High consistency: Group replication is implemented based on distributed Paxos to ensure data consistency. High fault tolerance: automatic detection mechanism, as long as not most nodes are down can continue to work, built-in anti-brain crack protection mechanism; High scalability: Group member information is automatically updated when a node is added or removed. After a new node is added, incremental data is automatically synchronized from other nodes until the data is consistent with that of other nodes. High flexibility: single-master mode and multi-master mode are provided. Single-master mode can automatically select the master when the master library is down, and all writes are carried out on the master node. Multi-master mode supports multi-node writes.

MGR Usage Scenarios

Elastic replication; High availability sharding;

MySQL High Availability 4: MySQL Cluster

Complete database layer available solution. MySQL InnoDB CLuster is a high availability framework, the main components are as follows:

1. MySQL Group Replication: provides DB extension, automatic failover, etc.
2. MySQL Router: lightweight middleware that provides failover of application connection targets;
3. MySQL Shell: New MySQL client with multiple interface modes. You can set group replication and Router.
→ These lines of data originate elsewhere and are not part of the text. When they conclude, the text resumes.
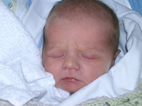 Er vild med dette, ret kiksede billede faktisk, af Liam omkring 1 uge gammel
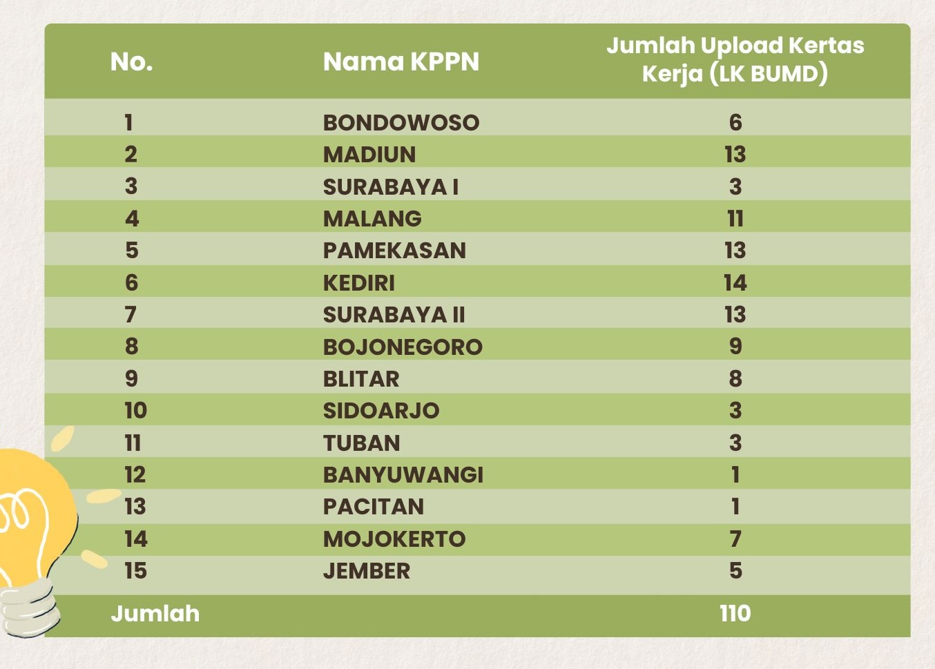Kanwil DJPb dan KPPN lingkup Wilayah Jawa Timur berkomitmen menyelesaikan semua tahapan penyusunan GFS Korporasi Publik di Jawa Timur mulai dari pengumpulan data LK BUMD Tahunan yang dilakukan Seksi Bank KPPN, dengan berkoordinasi ke pemerintah daerah selaku KPM atas BUMD di wilayahnya dengan jangka waktu maksimal 7 bulan setelah pelaporan terakhir. Pengisian kertas kerja dan penginputan data transaksi resiprokal pada SIKRI KP dilakukan Seksi Vera KPPN dan Dit APK maksimal 9 bulan setelah tahun pelaporan berakhir. Hasil upload data Laporan Keuangan BUMD (s.d tanggal 29 September 2025 tampak pada tabel berikut:
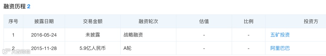 天眼查APP数据也显示,2015年11月,阿里巴巴曾以5.9亿元人民币的资金,对五矿电商进行A轮融资,按照持股比例为44%计算,则当时的五矿电商估值已达13.41亿元人民币。
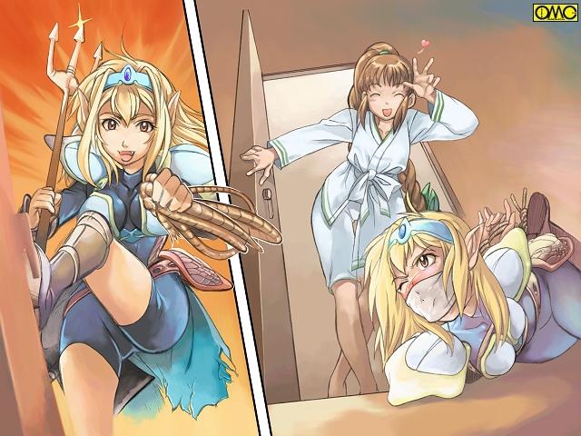 南洋っぽい島が広がる世界で、治安維持を担う海の騎士の女性が、問題を起こした女性格闘家を捕縛しようと乗り込んだものの、返り討ちにあって縛り上げられ、逃げられてしまう、というシーンです。
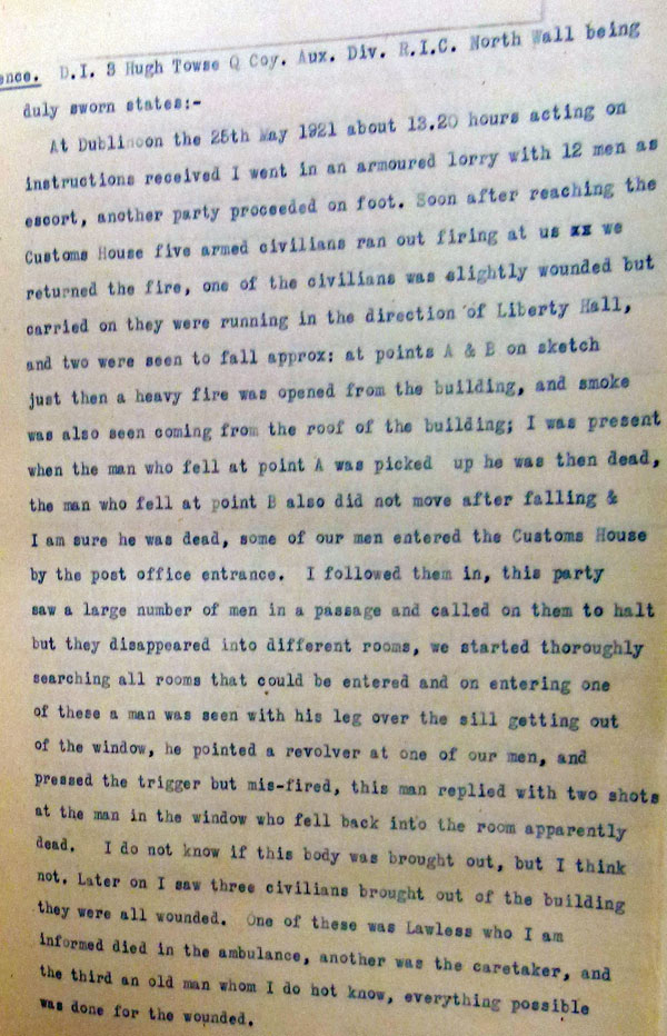 1921 May 25. At about 13.10 hours, information was received from DMP that the Custom House had been rushed by approximately 100 civilians.
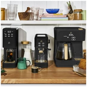 Marca: Beautiful (linha Multi-Brew) ?Modelo: MultiBrew19615 Tipo de produto: Cafeteira elétrica de gotejamento multi-preparo Cor: Preto Capacidade da jarra: 12 xícaras Tipo de café: Café em pó e cápsulas de dose única compatíveis Modos de preparo: Café quente e café gelado (Iced Coffee Mode) Dimensões do produto (P x L x A): 31,1 cm x 36,2 cm x 28,6 cm Peso do produto: 6,2 kg Tensão: 110V ?Tipo de operação: Totalmente automática com painel touch Funções do painel: Timer, preparo programável, início automático, manter aquecido, desligamento automático Acabamento externo: Fosco soft-touch com detalhes metálicos Tipo de jarra: Jarra de vidro com cabo e tampa Filtro: Cesto de filtro reutilizável (compatível com filtros de papel) Entrada de café: Pó e cápsulas de dose única Uso indicado: Uso doméstico, escritório, uso diário e preparo de café gelado Ambiente de uso: Interno Itens inclusos: Unidade da cafeteira, jarra de vidro, cesto de filtro reutilizável e manual de instruções Manual do usuário: Inglês Marca: Não Informado

MySQL High Availability 5: Orchestrator

If the primary node fails, change a secondary node to the primary node. Features:

1. Automatically discover MySQL replication topology and display it on the Web;
2. Reconstruct the replication relationship, you can drag the graph on the Web to change the replication relationship;
3. Detects main exceptions and can be recovered automatically or manually, using hooks for custom scripts;
4. Supports replication management on command lines and web interfaces.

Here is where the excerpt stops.